Real Return Bonds. This is not a good time to buy them. If you buy one that offers you 1% real return, you will get that if you hold to maturity. They’re long duration so are very volatile. Current rates are 1% and should be 2%.
Barbell Strategy. Splitting a fixed income portfolio between 3 month T-Bills and long dated corporate strip bonds. Likes this approach as you have half your money safe in 3 month bills. Wouldn’t choose a long term corporate strip because so many things can happen to a corporation over the long term. You could use long-term provincial strips instead.
Bonds for a deflationary environment? Answer is long-term government bonds. Corporates could find it difficult for them to pay their interest as they are chasing downward spiral in prices. We are a long way from a deflationary environment.
(A Top Pick June 7/10. Up 2.25%.) US Treasuries 30 year 4.375% 5/15/40 and to exit the position in 3 months. Sold these last fall at $112.82. His return would have been close to 10%.
Canadian bank preferred shares for retirement? The new Basel capital treatment rules are going to change the landscape for preferred shares. Also preferreds that have been issued in the last 3 years have been the reset preferreds are coming due in 2 years for resetting.
Floating rate corporate bonds? Work well in a period of rising interest rates. He expects the Bank of Canada will be raising rates in the next 6 to 12 months by a full 1%. Also available through ETFs.
10-20 year strip bonds at 4.6%? He likes strips. Make sure your basic portfolio consists of other things as well. Strips are ideal for retirement vehicles and RIFs as well. Inflation is the enemy of every bond, so diversify. Wouldn’t recommend having everything in 10-20 year strips.
24-Year Ontario Bonds @4.6%? This is the time in the cycle when it is very dangerous. People are all looking for yield. The most yield is in the longest-term securities. Your principal is at risk.

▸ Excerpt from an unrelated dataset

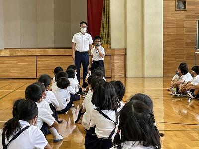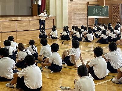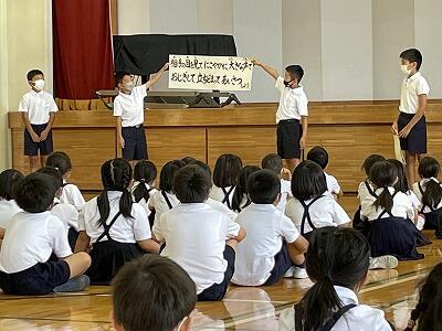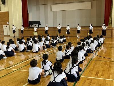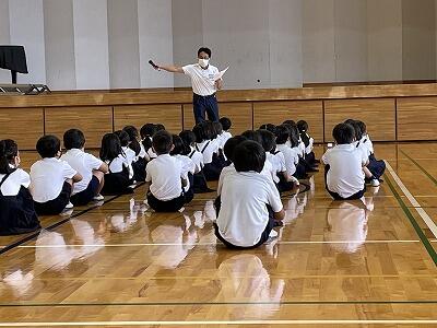 朝の時間(8時30分~45分)、体育館で全校集会をしました。

Natural Gas. Bullish on this commodity. As oil prices continue to run up, there will be more conversion of electricity coming out of natural gas. Prices are cheap. If you can find companies that are paying good dividends and have good cash flow, they will survive through this trough.
Market: Today was another blip in a bad month. He calls it a bear market almost. People are tired of all the big gloomy factors that don’t go away. Lots of data out of China today. Market likes the idea that China is alive and kicking and will provide growth. The market has been selling off for days at a time. He is sitting tight on a lot of commodity-related stocks. Gas is extremely weak so of course one day it is going to be extremely strong.
Market. Underlying fundamentals are not nearly as bad as the market is picturing them but people are being motivated to sell. If China or emerging market starts to break down, this is a great risk for the global economy, but these are long-term growth stories and he is not worried this will happen.
Market: There is a lot of negative sentiment. Sovereign debt issues, US concerns on debt ceiling. Over the last 4-6 weeks the market has started to feed on this. He tries always to have a balance of long and short positions. Defensive sectors are favored – consumer staples and tech. Favours smaller cap stocks. Has a modest position in resources. Likes gold, some energy, short some base metals.
Canadian Banks: He is not long, except for a small position in BMO in one fund. Is starting to look at some US financials for long positions. Doesn’t look outside of North America. Looked at JP Morgan, City and other larger players.
Uranium Industry: Has concerns about the sector. Sector is under a lot of pressure as nations re-evaluate their nuclear programs. Even at current commodity process, the stocks are not cheap. Has not looked at shorting either.